Etudiants sur le campus de l’université de Nantes (Loire-Atlantique). | UNIVERSITE NANTES / PATRICK MIARA

C’est un coup de canif dans la procédure admission post-bac (APB), qui permet d’effectuer ses demandes d’inscription dans le supérieur. L’université de Nantes a été contrainte par la justice d’accepter l’inscription d’un étudiant en première année commune d’études de santé (Paces), qu’il avait demandé sur APB. Et ce, alors même qu’il avait pourtant accepté une place, également en faculté de médecine, dans l’université des Antilles. Une première.

Ordre des vœux et « inscription effective »

Sur la plate-forme APB, les élèves de terminale ou étudiants en réorientation doivent hiérarchiser les formations du supérieur qui les intéressent, par ordre de vœux. Au mois de juin, à l’issue de la première phase d’admission, l’étudiant nantais avait accepté une proposition de Paces aux Antilles, placée en huitième vœu. Tout en faisant un recours auprès du président de l’université de Nantes pour contester la décision négative concernant son vœu nº 1 d’intégrer sa Paces, aux capacités d’accueil limitées. Un recours irrecevable, selon le président, dans la mesure où l’étudiant avait déjà effectué sa préinscription aux Antilles.

L’étudiant a donc saisi en référé (procédure accélérée) le tribunal administratif de Nantes, qui a estimé que l’acceptation d’un vœu dans une formation ne préjugeait pas de son « inscription effective » (en l’occurrence aux Antilles). Et qu’il existait bien, comme l’étudiant le précisait dans son recours, « un doute sérieux quant à la légalité de la décision » de refus (à Nantes).

En attendant le jugement « au fond » du dossier dans plusieurs mois, l’étudiant a donc été admis à rejoindre les bancs de la fac nantaise.

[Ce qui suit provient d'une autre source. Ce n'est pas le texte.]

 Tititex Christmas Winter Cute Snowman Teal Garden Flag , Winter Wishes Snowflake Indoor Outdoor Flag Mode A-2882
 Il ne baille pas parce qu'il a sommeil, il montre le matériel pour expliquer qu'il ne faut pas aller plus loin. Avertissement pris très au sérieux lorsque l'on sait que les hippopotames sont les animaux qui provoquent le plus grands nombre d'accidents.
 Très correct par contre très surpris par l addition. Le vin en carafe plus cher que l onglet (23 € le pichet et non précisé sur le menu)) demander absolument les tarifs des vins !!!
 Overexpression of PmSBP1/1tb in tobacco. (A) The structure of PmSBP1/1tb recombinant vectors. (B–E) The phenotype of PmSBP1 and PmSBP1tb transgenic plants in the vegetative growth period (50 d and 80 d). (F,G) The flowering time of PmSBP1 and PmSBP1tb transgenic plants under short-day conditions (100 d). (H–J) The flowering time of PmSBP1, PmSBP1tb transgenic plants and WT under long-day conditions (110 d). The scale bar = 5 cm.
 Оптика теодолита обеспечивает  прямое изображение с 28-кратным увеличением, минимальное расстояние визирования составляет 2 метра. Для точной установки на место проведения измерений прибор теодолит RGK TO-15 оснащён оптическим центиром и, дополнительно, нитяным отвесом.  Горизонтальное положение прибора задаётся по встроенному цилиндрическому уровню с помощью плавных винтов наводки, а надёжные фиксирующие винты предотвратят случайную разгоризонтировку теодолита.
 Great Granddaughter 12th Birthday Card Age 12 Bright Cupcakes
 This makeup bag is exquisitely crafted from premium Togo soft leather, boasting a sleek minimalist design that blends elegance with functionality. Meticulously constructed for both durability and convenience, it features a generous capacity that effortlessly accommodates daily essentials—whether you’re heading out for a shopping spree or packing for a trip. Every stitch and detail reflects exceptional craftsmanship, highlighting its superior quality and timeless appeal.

Capacité d’accueil limitée et sélection à l’université…

En filigrane, on retrouve une fois de plus le débat autour de la sélection à l’entrée de l’université. Une université, dont le premier cycle, la licence, est censé être « ouvert à tous les titulaires du baccalauréat », selon le code de l’éducation. Mais qui, dans les filières en tension – médecine, droit, psychologie, etc. –, est soumise à une sélection qui ne dit pas son nom : dans les licences dont le nombre de places a été limité, les jeunes de l’académie sont prioritaires selon leur ordre de vœux, et quand ils sont trop nombreux, un tirage au sort peut être effectué.

Les candidats en réorientation passe, eux, après les autres. « Il semble que mon client ait été sélectionné sur dossier parce qu’il était en réorientation, explique maître Merlet-Bonnant, l’avocat de l’étudiant, ce qui est illégal. »

Cette ordonnance qui met en doute la légalité du fonctionnement d’APB est la troisième en la matière depuis trois mois. En juillet, le tribunal de Paris, saisi lui aussi en référé, obligeait trois universités parisiennes à réexaminer le refus d’inscription d’un étudiant en réorientation après un BTS. A la fin du mois de juin, le tribunal de Bordeaux jugeait sans fondement légal la procédure de tirage au sort ayant empêché un étudiant d’obtenir une place en Staps (licence de sport) à Bordeaux.

Multiplication des recours et médiatisation

Me Merlet-Bonnant, qui a défendu le recours de Nantes, est l’avocat de l’association Droits des lycéens qui dénonce depuis de longs mois l’opacité des critères utilisés par la plate-forme APB, ainsi que l’absence de texte encadrant la sélection à l’entrée à l’université. Une absence de fondement légal rappelé par l’Inspection générale de l’administration de l’éducation nationale et de la recherche (IGAENR) elle-même, dans un rapport d’avril.

« Avec la médiatisation des actions de l’association Droits des lycéens, les recours se multiplient depuis plusieurs mois », explique l’avocat. Selon lui, « les élèves de terminale et les étudiants en réorientation prennent conscience qu’ils ne sont pas sans recours face au refus d’inscription dans la formation de leur choix. » Il ajoute : « Cette multiplication des recours obligera un jour ou l’autre le Conseil d’Etat à prendre position sur cette sélection illégale. » Exactement comme il a fini par le faire pour la sélection opérée entre le master 1 et le master 2.

Une décision qui a poussé le ministère à publier en février un décret qui légalise la sélection à l’entrée de plus de 40 % des deuxièmes années de master.